Annabelle looked at her own hand like it had done something without consulting her.

"Have you seen what that girl just did?" Sherry asked, low and amused.

"I got eyes," I said.

[Annabelle: Pyrokinesis. Host's first successful charge.]

First successful charge?!

"Level three," Bagins called, recovering himself.

The door opened. Level three, fast and coordinated. The kind that had eaten half the class yesterday in under ten minutes.

Annabelle moved through them. Not around them. Not carefully. Through them, fire precise as surgery, each burst landing exactly where it needed to before the target could redirect. The other students stood back without deciding to, the instinctive space given to something operating at a level they hadn't seen before. Level three cleared in sixty seconds.

"Impossible," Bagins murmured. To no one. The word of a man quietly dismantling everything he'd assumed about his own student.

I know exactly what happened, I thought. I know precisely why she's impossible today when she was level four yesterday.

"She might be a ten," Sherry said. "Never seen anything like that."

"Impressive," I agreed.

She nodded toward the glass where Annabelle was rolling her shoulders like she had energy to spare. "Whatever this school does, it works. There's hope for us yet, Bram." She smiled when she said it, half certain, half convincing herself.

I said nothing. I watched the glass.

"Level five," Bagins called.

The door opened and infected dogs came out. Not humans. Dogs. Fast, low, hunting in the coordinated way of pack animals that had kept all the instincts and lost all the hesitation. The class fractured immediately. Mute took a hit. May went down in the first thirty seconds. Maybe probability manipulation doesn't help when the probability of getting bitten is one hundred percent.

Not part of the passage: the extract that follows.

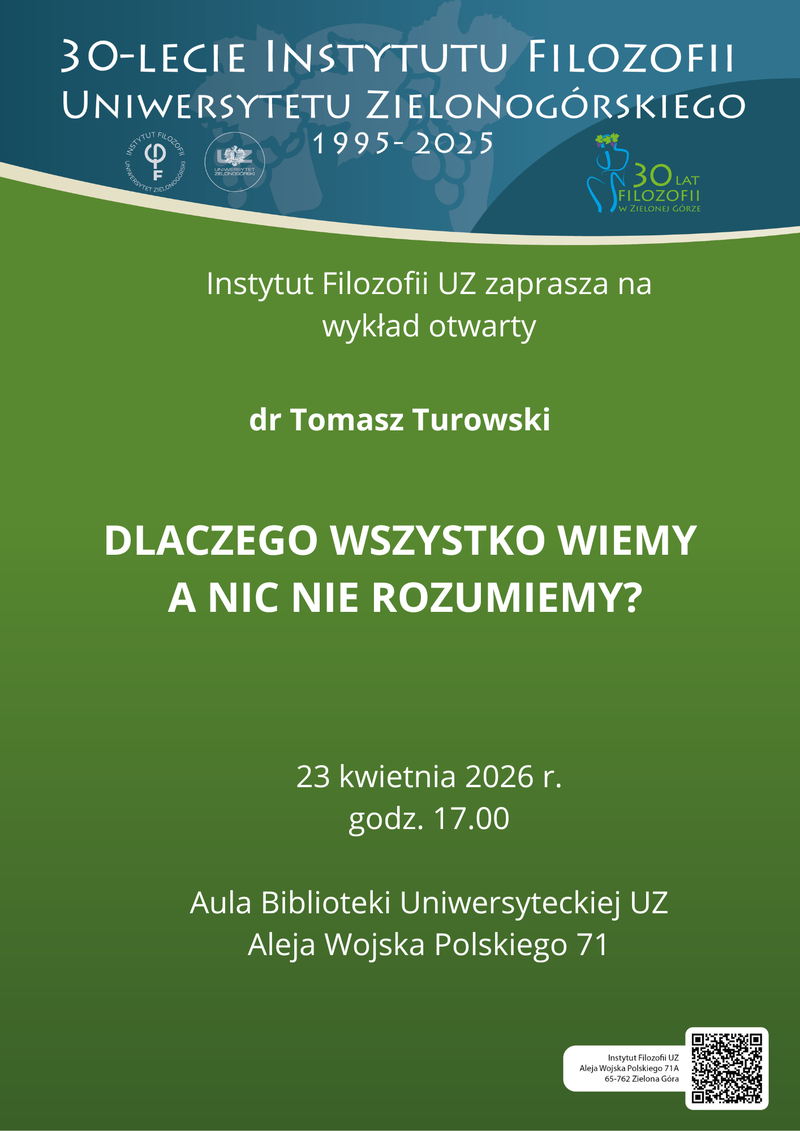 Zapraszamy na kolejny wykład otwarty z okazji 30-lecia Instytutu Filozofii Uniwersytetu Zielonogórskiego. Już w najbliższy czwartek wykład wygłosi dr Tomasz Turowski.
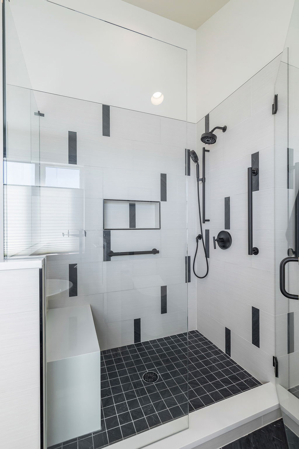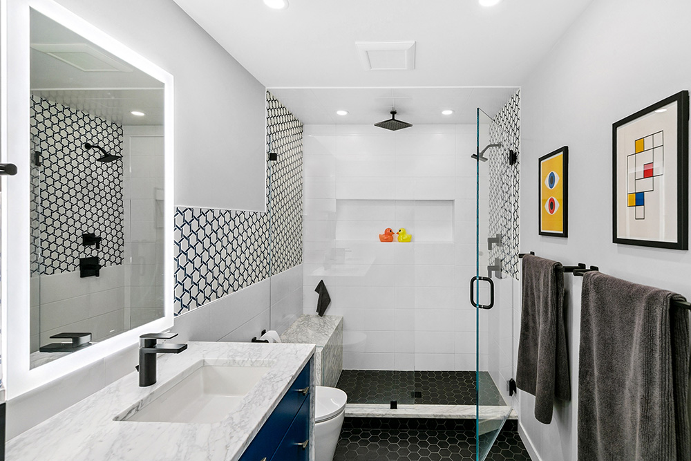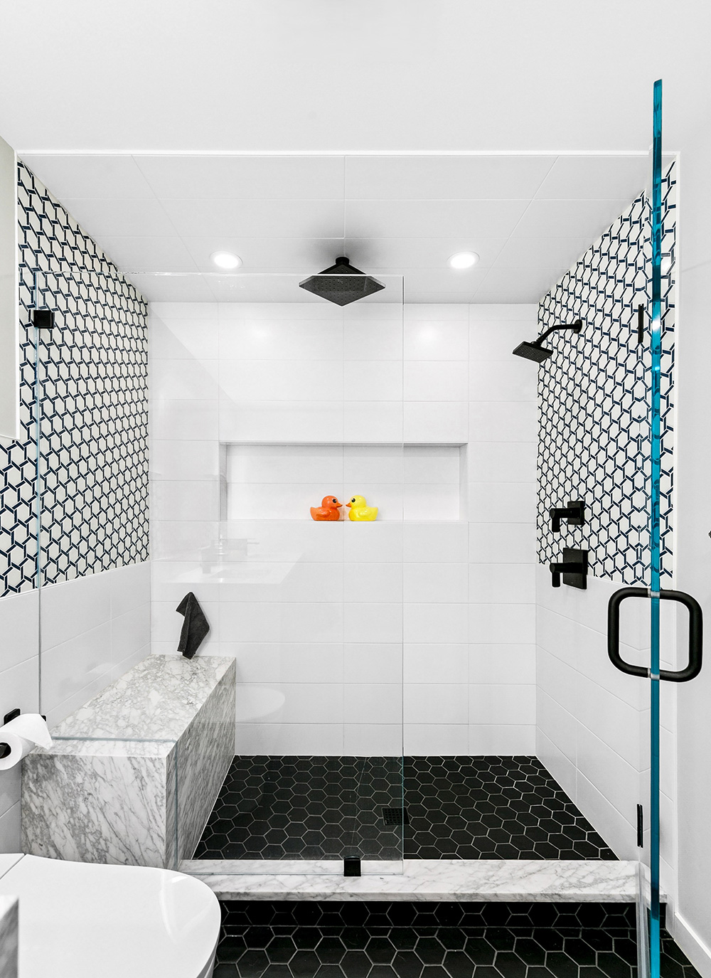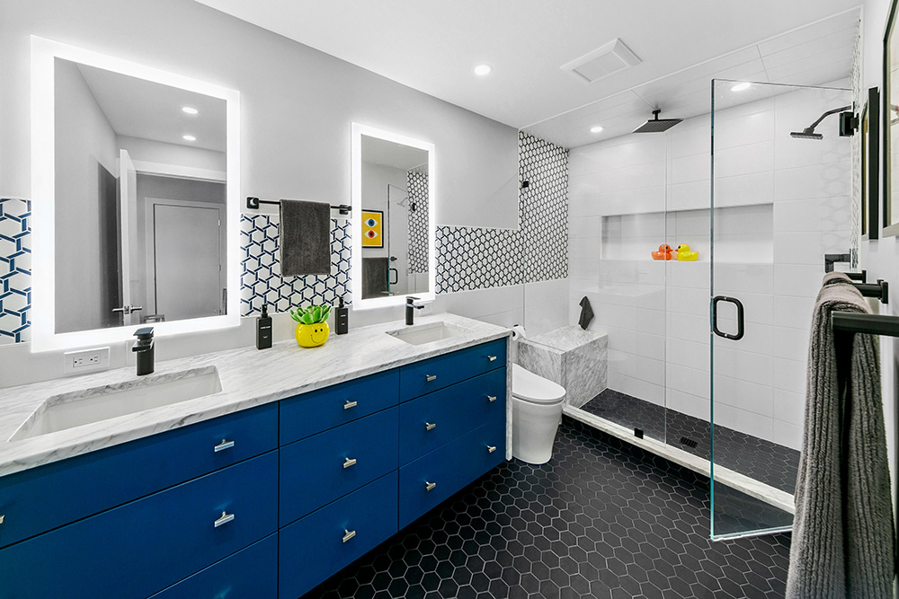 Full gut bathroom remodel, lux and loud in all right ways. During demolition, we found unexpected square footage and were able to increase the shower footprint and that was one of those sweet surprises! The new palette features striking Japanese black hexagon tile, grounded by pinwheel mosaic walls that flirt with geometry. We balanced the vibe with large-format solid white tile for contrast and calm. Delicious Crema Delicato Marble counter top with floating waterfall, custom monolithic matching marble shower bench, over sized rain shower head in black matte to match the rest of the plumbing, mirrors with integrated led light and a custom vanity painted to match the blue accent in the pinwheel. The details you don’t see: the floors are heated, the vanity has maximum storage and the lighting in the bathroom is perfect, due not only to the can lights and integrated light in the mirror, but to the perfect paint color.

"Your girl is down," Sherry said, watching May hit the floor.

She said it with a tone. The specific tone of someone who had heard things through a wall last night and had drawn a conclusion that was wrong but not entirely wrong either.

She thinks I slept with May, I realized. I filed that away and kept my face neutral.

Isabelle froze the ones coming from the left. Wells covered the right with beams, keeping pressure off the students on the ground. Annabelle burned through the center like a weather event, not a person. Between the three of them, level five cleared.

Professor Bagins laughed. Not a professional laugh. The real kind, the kind that comes out before you decide to allow it. He pressed the remote. Dissolved dogs, cleared floor, open glass.

"Have you seen my students?" He was talking to us, genuinely, colleague to colleague. "Have you seen them?"

The seniors filed out. The class gave Annabelle space the way crowds give space to something that has just recalibrated everyone's understanding of what's possible. Even Isabelle was looking at her sister differently.

Bagins crossed the floor and hugged her. The hug of a man who had invested years in something and just watched it pay off beyond what he'd dared to hope for.

"You leveled up," he said, pulling back, looking at her like he was confirming it for himself. "You actually leveled up."

Annabelle smiled. Slightly dazed. The expression of someone who had woken up different and was only now beginning to understand how different. She glanced at me over his shoulder.

"We need to test your level," Bagins said.